Lines 42-43: “Targeting only dystrophin” is not appropriate as this approach should be the key element. All other pathogenic mechanisms (as muscle degeneration, inflammation, and fibrosis) are straight-forward consequences of the dystrophin deficiency and as such, improvement of these factors would be expected as well.

Line 69: “doses 4 and 5 induced minimal or no increase in strength” – needs inclusion of “further increase” as there is definitely an increase which is indeed not higher than with doses 2 and 3.

Figures 1-4. do not mention in the legend which statistical analysis has been applied. In contrary, in Figure 5. it is properly described. In Materials and Methods under 4.15, the statistical analyses for the different evaluations are also not specified.

Lines 152-155: “mdx mice retained more cells in their skeletal muscle than control mice (Table S1). These results suggest that IV-administered WJ-MSCs specifically migrate to the muscles of mdx mice. In contrast, mdx mice had fewer overall residual cells than control mice because of inflammation, which produced a more inhospitable environment in these mice.” This is somewhat contradictory and needs further explanation – why do damaged muscle fibres take up more WJ-MSCs than other tissues as inflammation is predominantly present in the skeletal muscle?

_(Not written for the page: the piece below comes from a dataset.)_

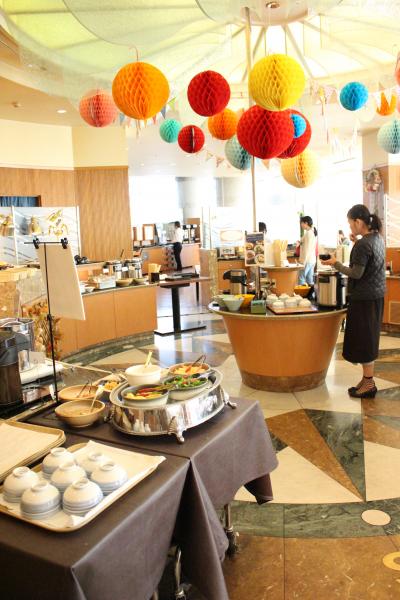 朝食は1階の「ガーデン ダイニング」でのブュッフェでした。ホテル内は静かでしたがこんなに宿泊してる人がいるんだ と思うほどで少し待たされました。空調の風が当たるね と言っていたらすぐにほかの席を探してくれました。ごはん、お粥の他にフォーもありました。パクチーを好きなだけ入れて食べました。少し気になったのはサラダのコーナーのレタスが空調のせいか少し元気がなかったこと、あとはチーズ好きにはもっとチーズがあったらな と思いました。- 旅行時期

Lines 161-168: “IHC was used to detect collagen I deposition in the myotubes, and this was also significantly increased in the mimic-treated group. However, transfection of the miR-499-5p mimic attenuated myotube fibrosis, with significantly decreased collagen deposition in the miR-499-5p group compared to the untransfected group”. It needs further explanation, what is the mimic treated group?

Line 192: Behavioural tests are not included in this article; therefore, it cannot be stated that behaviour recovery was also present due to the WJ- MSCs administration. In addition, which test was considered to detect levels of apoptosis?

Lines 224-225: “In addition to new advances in targeting TGFβ, targeting fibrosis may prove an important strategy..” “In addition” is not appropriate as TGFβ and fibrosis are in close correlation, actually, TGFβ is a central mediator of fibrosis that acts through TGFβRs.

Line 239: “The mechanism by which human WJ-MSCs regulate miR-499 remains unknown…” Even though if still not well known but possible ways of the therapeutic effect of WJ-MSCs should be explored here. Moreover, other pathways than upregulation of miR-499-5p should be considered and discussed (see (Leibacher and Henschler, 2016, etc.).

General remark:

Authors may consider extending this treatment to other animal models of DMD such as humanized hDMD mice or dystrophin-deficient dogs (cDMD) if available. It is well-known that despite being deficient for dystrophin, mdx mice have minimal clinical symptoms and their lifespan is only reduced by ~25% in contrast to ~75% in humans. Robust skeletal muscle regeneration explains the slowly progressive phenotype of mdx mice. The only exception is the diaphragm, which shows progressive deterioration as is also seen in affected humans. Severe dystrophic phenotypes, such as muscle wasting, etc. do not occur until mice are 15 months or older. Therefore, if no other DMD animal model is available it is suggested to repeat these experiments on older than 2-3 months old mice and on the diaphragm as well.